The prince will present the Global Perspectives Lecture, part of an event series offered in collaboration by various GGC departments and student organizations. The festivities include activities that are both academic and fun, reflecting the richness of different cultures, as well as the depth of issues facing the global community.

“Through our internationalization initiatives, we are taking GGC’s emphasis on leadership and service learning to the global scale,” said Anthony Pinder, GGC’s director of Internationalization. “Our students will graduate into a world more connected than ever."

A better understanding of global issues and other cultures will help students realize their personal leadership potential, with the full understanding of this country's role in international affairs and national civic improvements, Pinder said.
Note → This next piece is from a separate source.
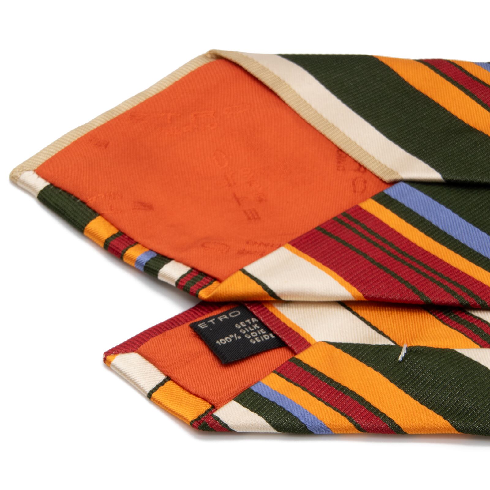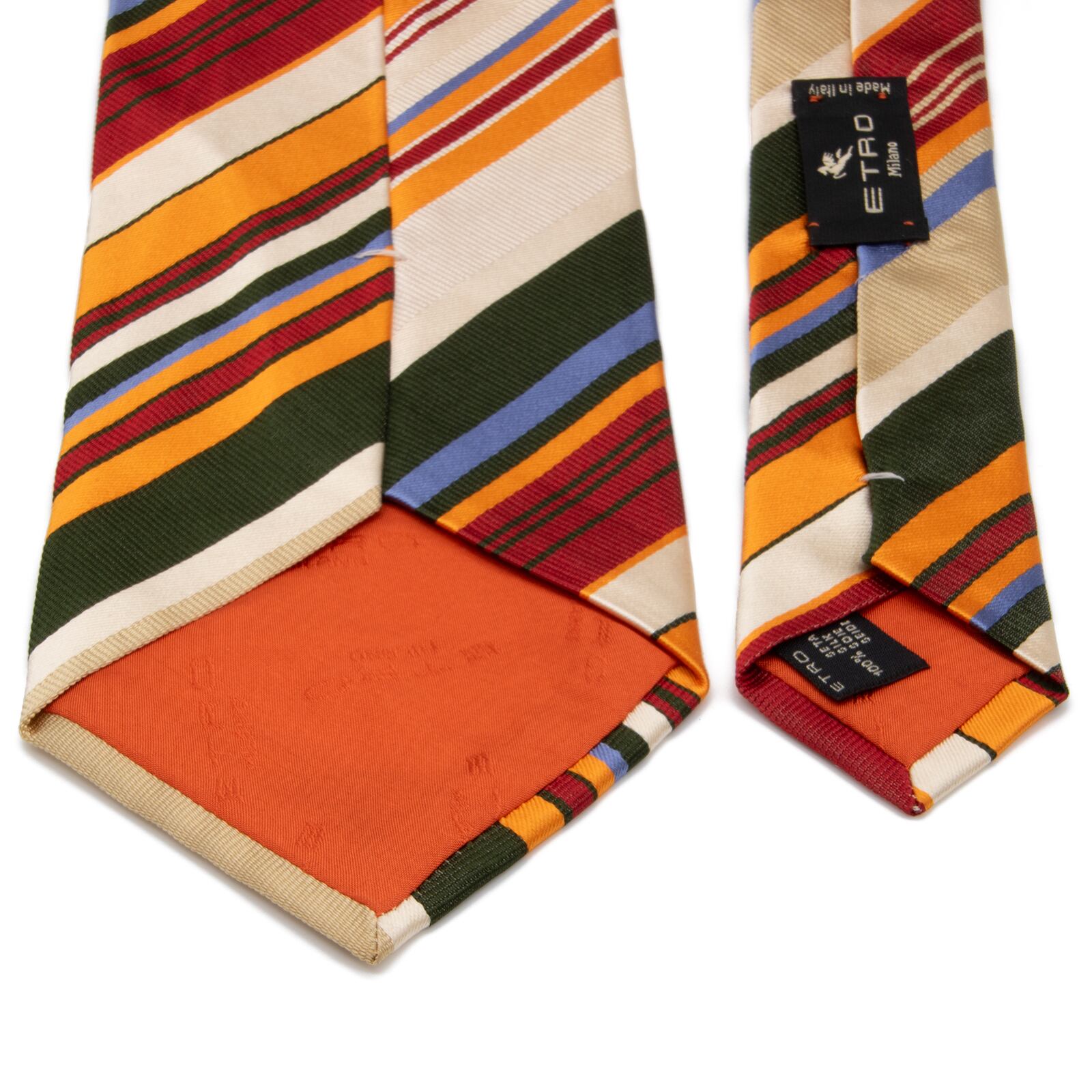 送料無料 エトロ ネクタイ ジャガードタイ シルク ベージュ 赤 オレンジ モスグリーン ブランド ストライプ カラフル おしゃれ 綺麗 N336

The prince’s appearance is well-suited to the mission of GGC’s internationalization program.

“I am delighted that Prince Cedza Dlamini is giving our first Global Perspectives Address,” said GGC President Daniel J. Kaufman. “Not only does his work bring focus to some of the world’s most serious issues, but he represents how one person can make a real difference. This is a great opportunity for our students to hear first-hand from an outstanding role model.”

The week features a festival-like presentation of food, music, dance and exhibits representing a range of different cultures, as well as a ping pong tournament, international trivia night and international film night.

A student debate will explore the timely question of whether or not the international community should intervene in domestic issues, and a student panel will share experiences in study abroad programs. The college now offers study abroad opportunities in several nations.

A group of select business leaders will participate in a panel discussion about international careers, and Peace Corps recruiters will share information about their program through several activities held during the week.

Activities provided for faculty include a presentation by Dr. Susan Sutton of Bryn Mawr College on internationalization of higher education in the age of globalization.